Dizzy Gillespie, The Extravagant Mr Gillespie (Cristal Records)

The extravagant Mr Gillespie est un coffret organisé par Claude Carrière en trois CD, couvrant la période la plus féconde du génial trompettiste, de 1945 à 1963. Chaque CD est dévolu à un thème précis ; le premier s’intitule : «  Small Groups », le second «  Big Bands » et le troisième « Latin Dizzy ». Le line-up dévoile un casting de rêve ; qui va des grands frères de la période Bop (Charlie Parker, Max Roach, Bud Powell…) aux percussionnistes cubains ( Chano Pozzo, Candido Camero, José Mangual…) sans oublier des pointures comme Stan Getz, James Moody, Milt Jackson, John Lewis ou Sonny Stitt et des collaborations avec les arrangeurs George Russell et Chico O’Farrill. Il y a même une plage où il croise le fer avec les solistes de l’orchestre de Duke Ellington.

Certains relisent chaque année les albums de Tintin, comme un désir d’enfance et de s’étonner d’y trouver encore des petits secrets inaperçus. Serais–je confronté à une même illusion face à Dizzy Gillespie ? Non, c’est plutôt comme se colleter à un ouvrage de La Pléiade, sans papier bible : c’est tout aussi jouissif pour l’excitation des neurones et l’éveil de tous les sens.  The Extravagant Mr Gillespie se dévore comme une somme d’Alexandre Dumas qui ne tombe pas des mains tant il y a de panache, de cavalcade, de surprises, d’humour et d’émotion. C’est le jazz avec un «  J » majuscule ; la technique superlative mise au service de la musique ; la révolution fleur au fusil, sans dérives sanguinaires, moins principe de vertu à la Saint Just et plus droit à un plaisir charnel que ne démentirait pas Danton. Plus, derrière la bouffonnerie se cache un poète et un humaniste. On le voit, dépeindre la musique de Dizzy appelle métaphores et images. S’attaquer au Dizzy des années 1945 à 1963, procure un sentiment de plénitude, de jouissance et de joie non dissimulée.

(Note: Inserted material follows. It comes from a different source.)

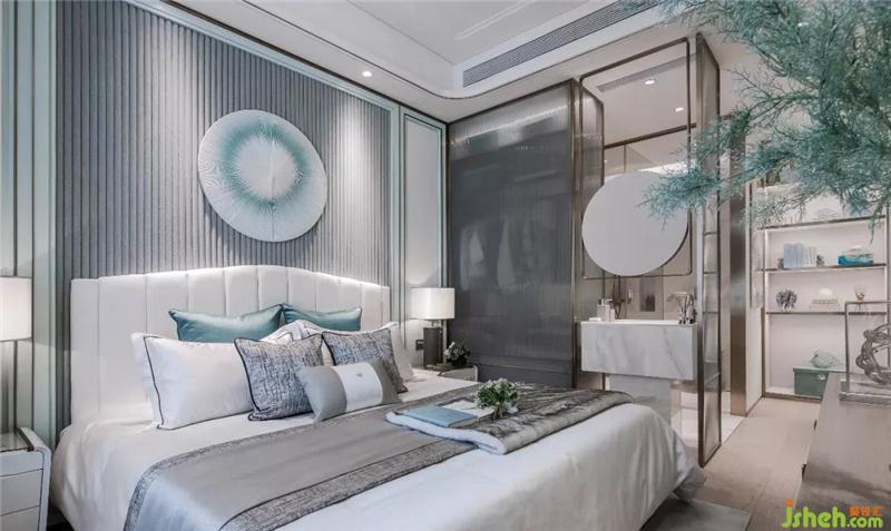 臥室是人們心所歸處。主臥利用步入式衣帽及展示柜。開放式主臥衛(wèi)生間、衣帽間、女主人的化妝臺交叉功能,樣板房設計面積配比不再是局限。蒂芙尼藍柔和的色彩提升幸福感和歸屬感。時尚與美學在其中跳躍,驚起一絲慵懶與愜意的波瀾,又平添一份驚鴻一瞥的包容。

On a tant arpenté le répertoire qu’on s’imaginait connaitre tous les recoins de l’œuvre en gestation et pourtant on reste quelquefois surpris par une inflexion, un trait inattendu, un bonheur d’écriture, une prise de risque, un tonnerre percussif. Cette musique se déguste comme un grand cru qui se bonifie avec le temps ; elle est bien en bouche, avec une belle robe. Avec le recul du temps, impossible de dénier au répertoire une dimension magistrale. Le plus souvent,  les thèmes sont de la plume de Dizzy, parfois ils sont signés par d’autres compositeurs mais jamais ils ne dérogent à l’esprit Gillespien, car l’intelligence musicale de Dizzy cannibalise tout. 

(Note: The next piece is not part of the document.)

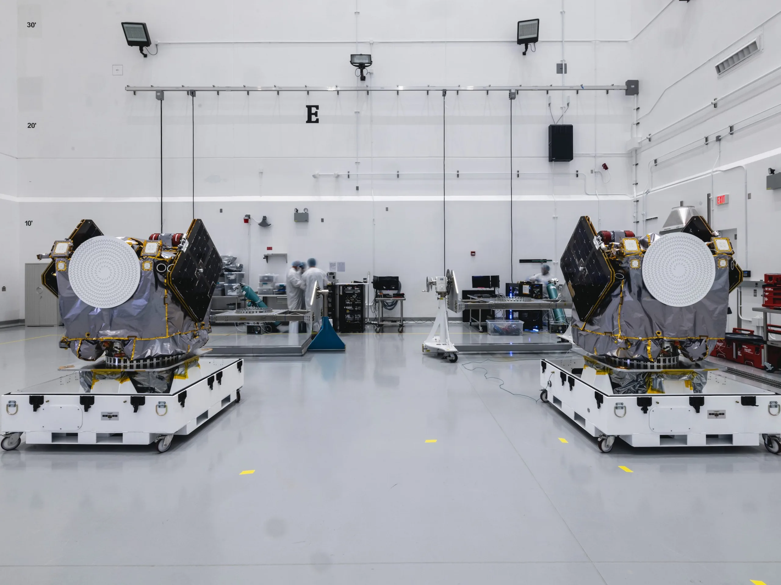 Космические аппараты прибыли в центр космических операций Astrotech в Титусвилле, штат Флорида, 16 сентября. Там инженеры завершат проверки и функциональные тесты, прежде чем оба космических аппарата будут готовы к запуску.

Grosso modo, de 1945 à 1951, Dizzy, avec ses compères Charlie Parker, Max Roach, Bud Powell, Thelonious Monk et Art Blakey, pose les bases de ce qui deviendra le Bop et on reviendra avec bonheur à l’écoute des incontournables « Salt Peanuts », » Hot House » ou « The Champ » sans omettre de se pencher sur les versions, un chouïa plus tardive, de « It Don’t Mean A  Thing » avec Stan Getz, Oscar Peterson et Max Roach et « Mean To Me » avec Sonny Stitt et John Lewis. Que révèle le CD dévolu au Big Band ? La lecture bop en grande formation, un déluge sonore et un swing impérial. A la découverte de ce big band, lors du festival de jazz de 1948, la salle Pleyel connut une véritable bataille d’Hernani entre les tenants de la tradition des orchestres swing et ceux ouverts à la modernité ; il est vrai qu’il y avait là de quoi ébranler les certitudes et Boris Vian s’en fit l’écho. Homme à la curiosité inaltérable et ouvert aux sons du monde, Dizzy s’ouvre aux musiques Caribéennes chaloupées dont la dimension « afro » offre un élargissement à la Great Black Music. Aux congas, le cubain Chano Pozzo impulse une dynamique qui bouleverse les codes jusqu’ici admis aux Etats-Unis et, plus tard, dans l’album  Afro de 1954, sur des arrangements de Chico O’Farrill, seront présents  pas moins de quatre  percussionnistes cubains en sus du batteur Charles Persip. En 1962, avec Lalo Schifrin comme pianiste et directeur musical, Dizzy s’aventure vers les rythmes brésiliens et il délivre avec bonheur une lecture virile de la bossa nova naissante (« Desafinado » de Jobim ;  « Manha de Carnaval » de luiz Bonfa).